Il est très important de ne pas lier des émotions ou des comportements à l’alimentation, au risque d’engendrer à terme une habitude de le fairbonbonse encore et encore en étant adulte.

Une fois adulte, si on ne sait pas gérer ses émotions : on se jettera sur le chocolat ou sur le fromage en cas de blues, on mangera beaucoup si

on a des gros soucis au boulot, on se remplira l’estomac plus qu’il n’en faut pour se sentir calé pour compenser un vide affectif. C’est ce qu’on appelle les kilos émotionnels.

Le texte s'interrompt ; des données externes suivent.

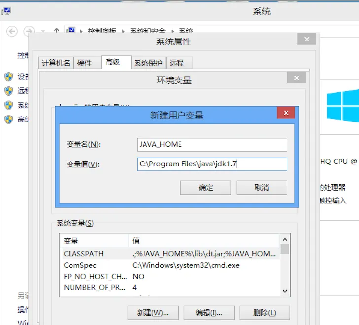 直接安装下的 jdk-7u75-windows-x64.exe 文件,一路默认安装即可,安装完成后在 cmd 下输入 java -verison 若显示对应的版本好,即表示安装成功。若出现 “java 不是内部或外部命令”的错误提示,可在 Windows 的环境变量下设置JAVA_HOME,和PATH以及CLASSPATH等环境变量即可。如下图所示:
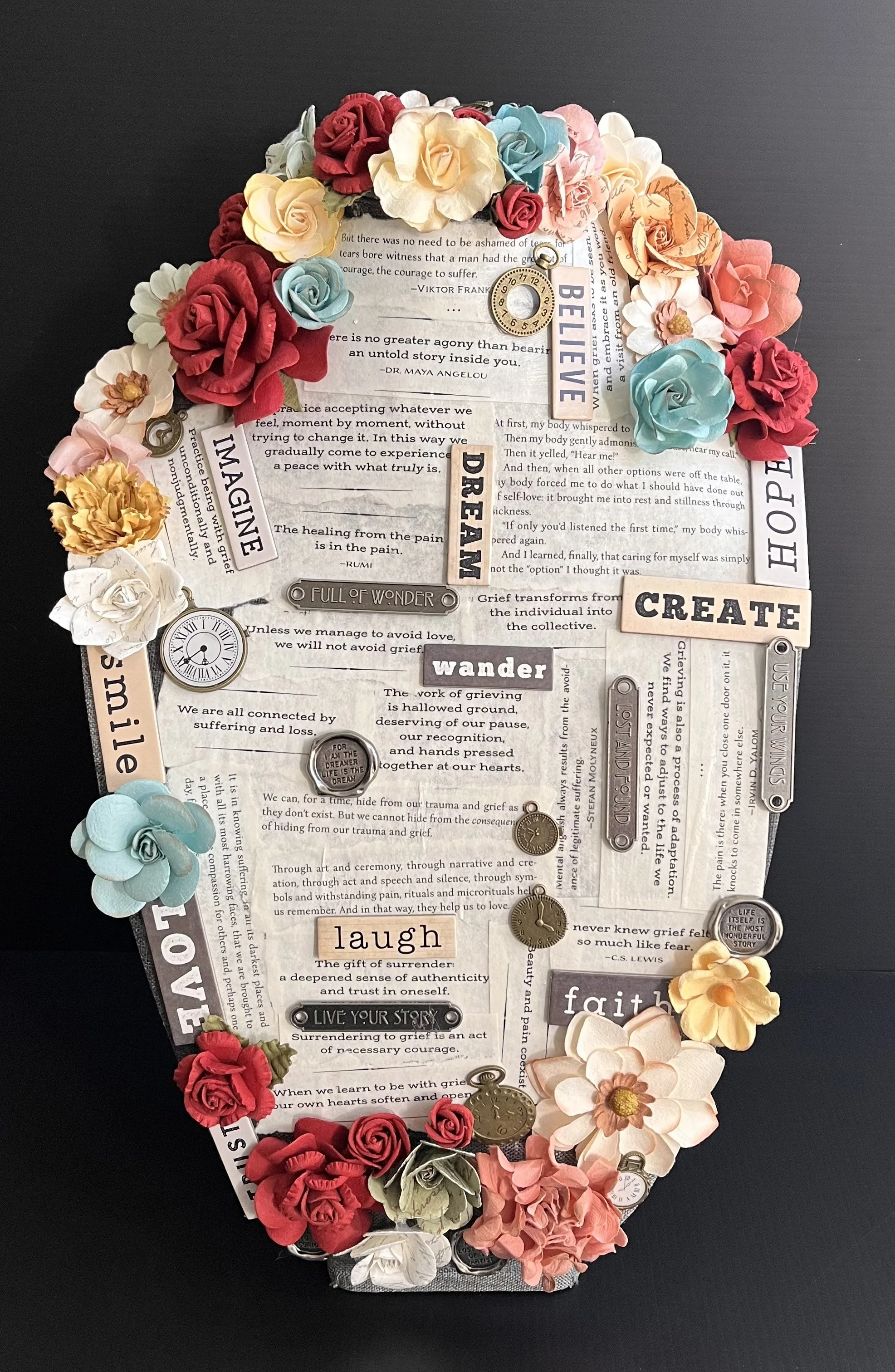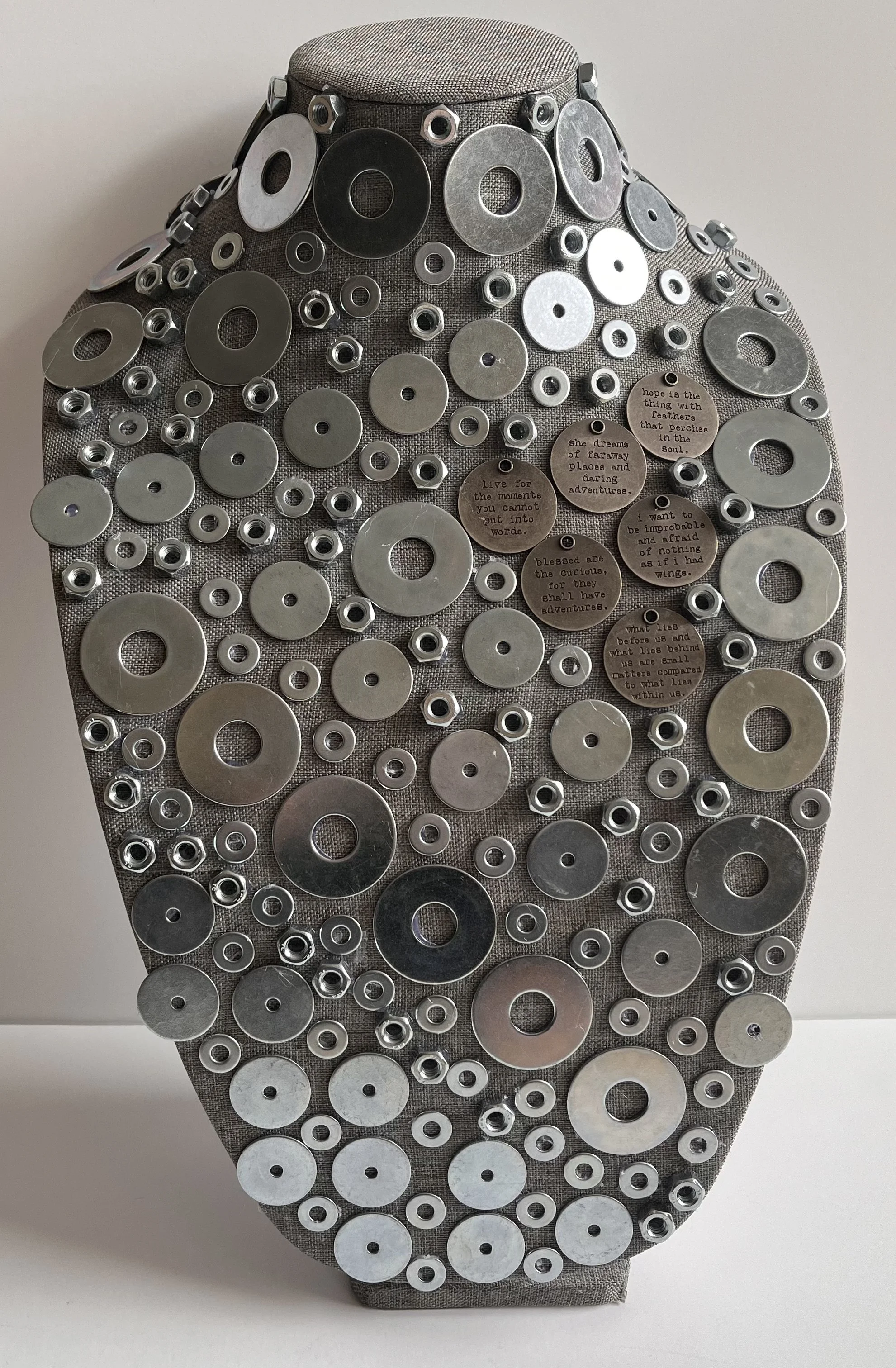 What’s Being Mourned? This piece reflects my experience with sadness. I selected quotes about grief and arranged them across the breastplate, alongside characteristics of joy. I believe you cannot selectively numb your emotions. When I allowed myself to feel sadness, I also discovered joy.

Pour contrer, il vaut mieux parler des émotions avec ses enfants, les appréhender tôt, et aussi…leur donner l’exemple sur ce point. Lui raconter ce qu’on ressent et lui montrer comment on le gère (exemple d’ouvrages pour faire cela : les Cahiers d’Isabelle Filliozat sur les émotions).

 

Conclusion

Faire la chasse dans votre vocabulaire à ces petites phrases qui paraissent anodines mais qui peuvent avoir de grosses conséquences à long terme, est une chose importante. Mettre en place des repas sereins et zen autour de bonnes habitudes alimentaires (manger lentement, respect de la faim et de la satiété) est un socle important pour l’avenir de votre enfant, et sa future relation à l’alimentation.